The ruling affects two out of eight of Cooper's plants in the US, covering 2,500 employees or 19 per cent of the global workforce. It will also encourage resistance from workers in China. Laborers at Cooper's operation in the eastern Shandong province, which employs more than 5,000, have been on strike for three months. The U.S. firm's minority local partner has also filed a lawsuit to dissolve the Chinese joint venture.
Labour tensions stem largely from worries about Apollo's plan to pile debt onto the enlarged company as it tries to swallow a rival worth roughly four times its own market value. Apollo is borrowing an additional $450 million, while Cooper will take on $2.1 billion of non-recourse debt, mostly through a bond offering. The combined entity, which will be the world's seventh-largest tyre manufacturer, will have net debt worth around 3.8 times its earnings before interest, tax, depreciation and amortization.

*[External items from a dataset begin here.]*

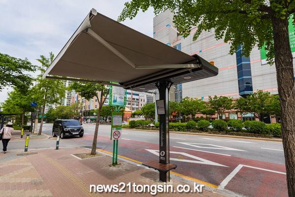 광진구(구청장 김선갑)가 다가오는 여름철 폭염에 대비하고 마을버스를 이용하는 구민들의 편의를 위해 전국 최초로 마을버스 정류소에 ‘광진형 마을버스 IoT 그늘 쉼터’를 시범 설치하고 운영에 들어갔다.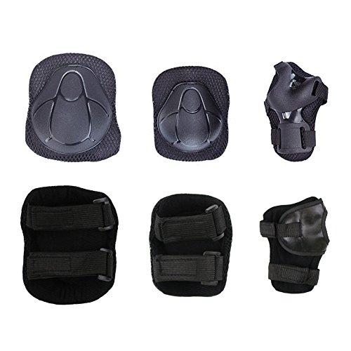 -. Feature : Made of PVC guards and breathable,soft EVA padded material. Shock absorption cushioning lining inside reduce injuries during movement. / Flexible straps of protective gears make you comfortable in sports. / Including knee pads, elbow pads and wrist guards. Bring you all-round and perfect protection. / Perfect for children inline skating, roller blading, skateboard, biking, cycling, and other outdoor sports.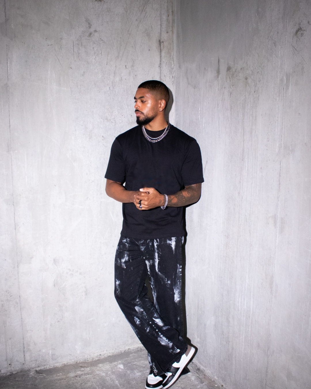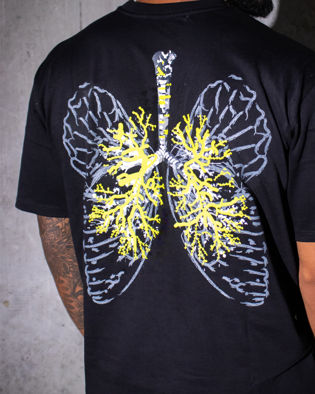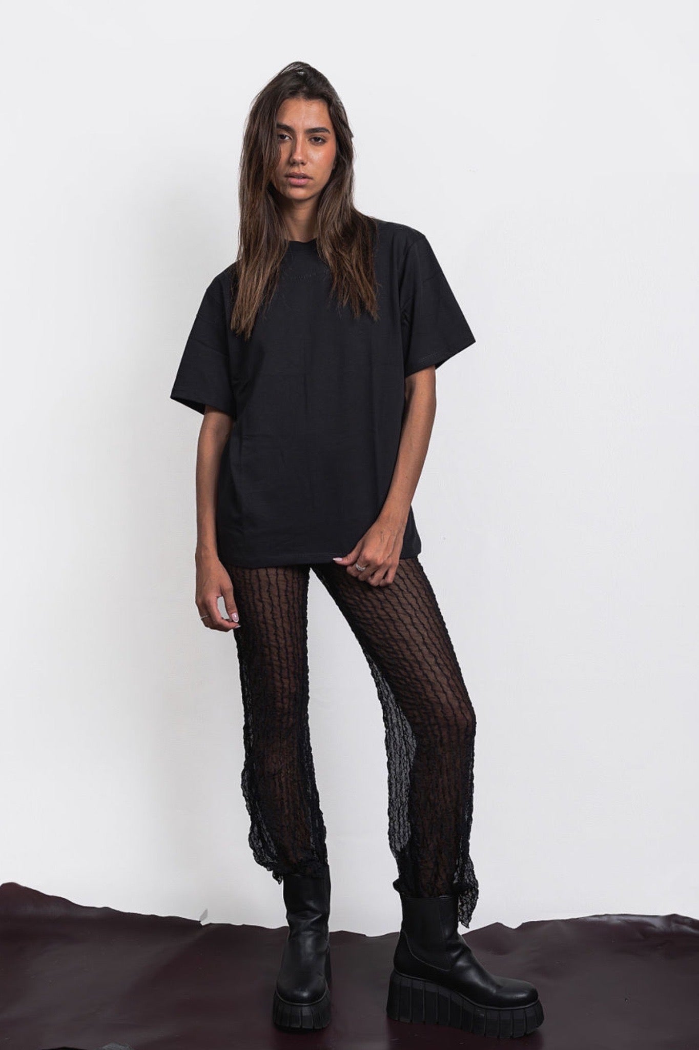 Black relaxed fit t-shirt made from 100% heavyweight Peruvian cotton. Its high-density print on the back and tone-on-tone logo will make you fall in love with this piece of art.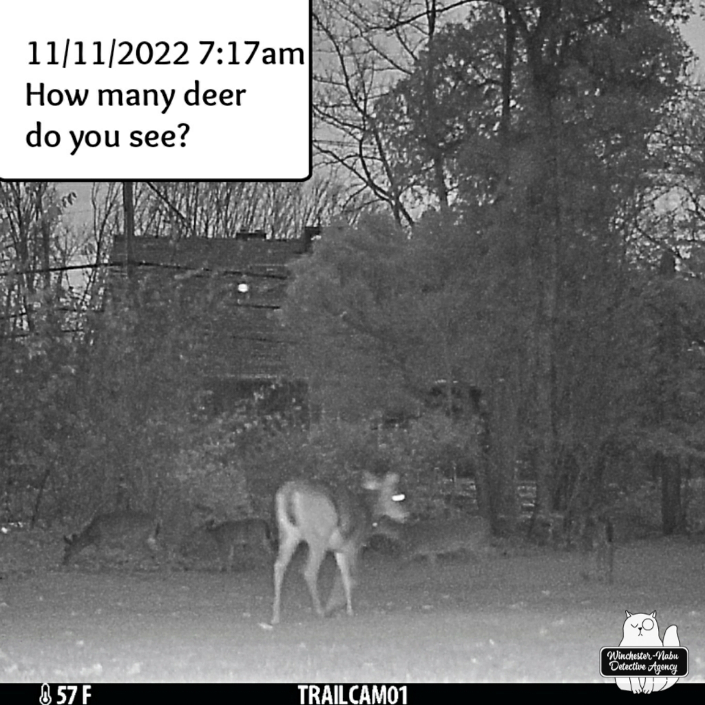 If you peruse these photos, most of them have enough sharpness to figure out that we have had a lot of white-tailed deer and Jersey devil-deer. These are all shown with the fancy filter we invented to show the magical characteristics of the hybrid animals.

If the deal goes ahead as planned, the combined company's Ebitda margin will be as much as 300 basis points higher than its interest payments, according to Kotak Securities. That will be even better if Apollo succeeds in extracting the benefits of combined scale, sourcing, and manufacturing improvements which it says could be worth an additional $120 million of annual EBITDA within three years.
Yet tyre-making is a volatile business. Margins at Cooper - which will contribute around 70 per cent of pro-forma Ebitda - are 13 per cent, their fattest in six years. They were around seven per cent as recently as 2011. If Apollo is forced to overcome its current difficulties by increasing wages for workers, margins will be squeezed. Cooper shares are trading at eight per cent below Apollo's $35-a-share cash offer. Given the deal's mounting risks, the discount is more than justified.